"J'ai lu le dernier pamphlet de Richard Millet, Langue fantôme suivi d'Eloge littéraire d'Anders Breivik, dans un mélange croissant de colère, de dégoût et d'effroi", écrit Annie Ernaux dans Le Monde daté du du mardi 11 septembre.
Après avoir balayé "la prétendue ironie" de cet Eloge, la romancière juge qu'" il faut appeler un chat un chat et l'Eloge littéraire d'Anders Breivik un pamphlet fasciste qui déshonore la littérature".
Un "acte politique à visée destructrice"
"Ce texte répugnant," écrit-elle, "est un acte politique à visée destructrice des valeurs qui fondent la démocratie française."
" C'est pourquoi, au lieu des questions effarouchées que lui posent les médias, il faut oser demander à Richard Millet : "Que voulez-vous ? La fermeture des frontières ? Le renvoi de tous ceux qui ne sont pas 'français de sang' ? Quel régime à la place de cette démocratie que vous haïssez ?"
"Pas davantage aujourd'hui qu'hier", poursuit l'auteure de La Place, " je ne me sens menacée dans ma vie quotidienne, en grande banlieue parisienne, par l'existence des autres qui n'ont pas ma couleur de peau...Et, par-dessus tout, jamais je n'accepterai qu'on lie mon travail d'écrivain à une identité raciale et nationale me définissant contre d'autres".

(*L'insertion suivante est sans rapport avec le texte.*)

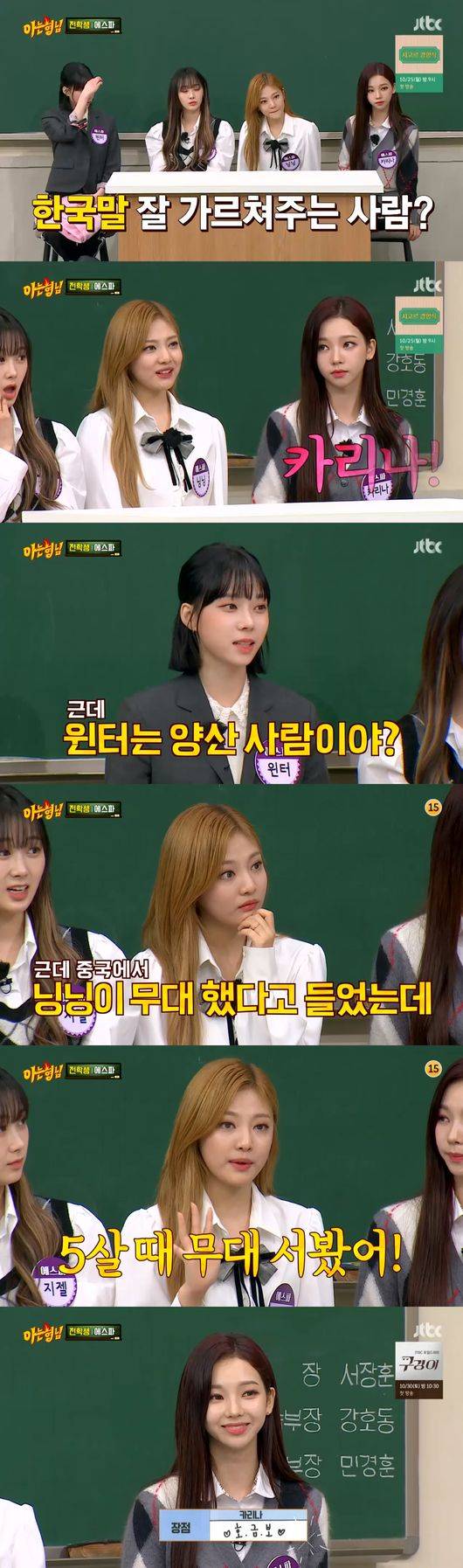 김희철은 닝닝에게 "멤버들 중에 한국어를 잘 가르쳐 준 사람이 누구인가"라고 물었다. 닝닝은 "카리나 언니가 잘 가르쳐준다"라고 말했다. 카리나는 "내가 설명해주는 걸 좋아해서 그런 것 같다. '야들야들하다'라는 느낌을 설명할 때 차돌박이를 처음 먹었을 때 느낌이라고 이야기했다"라고 말했다.

Un appel signé par des dizaines d'écrivains célèbres
Editeur chez Gallimard, Richard Millet a publié son brûlot fin août. Le tueur de l'île d'Utoya, écrit-il, est ce que "méritait la Norvège".
Parmi les auteurs Gallimard, Tahar Ben Jelloun et Annie Ernaux avaient été les plus prompts à dénoncer cet ouvrage qui a fait scandale.
Dans Le Monde, des dizaines d'écrivains qui partagent "pleinement" l'avis d'Annie Ernaux ont signé son appel. Parmi les plus célèbres, Olivier Adam, Amélie Nothomb, Nancy Huston, Jean-Marie Le Clézio, Delphine de Vigan. On trouve aussi parmi les signataires certains des romanciers les plus prometteurs d'une nouvelle génération, comme Jean-Baptiste Del Amo ou Jakuta Alikavazovic.